By: Dr. John Ankerberg & Dr. John Weldon; ©1999
The Rosicrucian Fellowship claims to reveal the superior “Western Wisdom Teachings,” as opposed to, for example, Eastern Theosophic teachings..

 

Rosicrucian Fellowship

Info at a Glance

Name: The Rosicrucian Fellowship.

Purpose: To help evolve man’s consciousness.

Founder: Max Heindel.

Source of authority: Heindel’s writings; for example, The Rosicrucian Cosmo-Conception.

Revealed teachings: Yes.

Claim: To reveal the superior “Western Wisdom Teachings” (as opposed to, for example, the Eastern Theosophic teachings).
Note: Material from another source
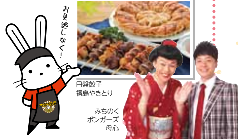
お見逃しなく！ 円盤餃子 福島やきとり みちのくボンガーズ 母心

18:00～ 交流会 まちなか広場で全国まちの駅のみなさんと楽しく交流しましょう！

Occult dynamics: A wide variety of occult practices are accepted, with Rosicrucian choices and interpretations of occult practices constituting the “higher” form of expression over “lower” forms.

Examples of key literature: The Rosicrucian Cosmo-Conception; The Rosicrucian Philosophy in Questions and Answers; Rays from the Rose Cross (periodical).

Attitude toward Christianity: Rejecting.

Quotes:

“The Rosicrucian teachings are never in conflict with the Christian religion” (Max Heindel, The Rosicrucian Philosophy, p. 99).

“Christ said, ‘The Truth shall make you free,’ but Truth is not found once and forever. Truth is eternal, and the quest for Truth must also be eternal. Occultism knows of no ‘faith once for all delivered…” (Max Heindel, The Rosicrucian Cosmo-Conception, p. 23).

“Jehovistic religions taught and continue to teach a preponderant awareness of sin and error. To the degree they teach Truth at all, they teach it negatively, from the vantage point of what it is not. They teach the separation of man from the.. Deity. They establish obedience to external authority as the ideal” (Charles Weber, “Religious Authority and the Christian Dispensation,” Rays from the Rose Cross, June 1978, p. 244).

Note: In many countries, various Rosicrucian orders, societies or lodges can be found actively promoting variations of occult philosophy and practice. Most United States members are usually found to have former church affiliation in keeping with these occult societies’ claim of compatibility with Christianity. In the U.S. there are approximately ten active Rosicrucian sects.

Whatever their differences, all Rosicrucian societies stem from Gnostic occult traditions, and they stress the possession of secret wisdom passed down through the ages through a secret brotherhood. They believe that such wisdom can only be received by the initiated, and also that such wisdom leads to the development of “higher” or psychic powers. They stress “inner” enlightenment and usually adopt various tenets of Eastern religious philosophy (such as reincarnation and an impersonal concept of the Deity).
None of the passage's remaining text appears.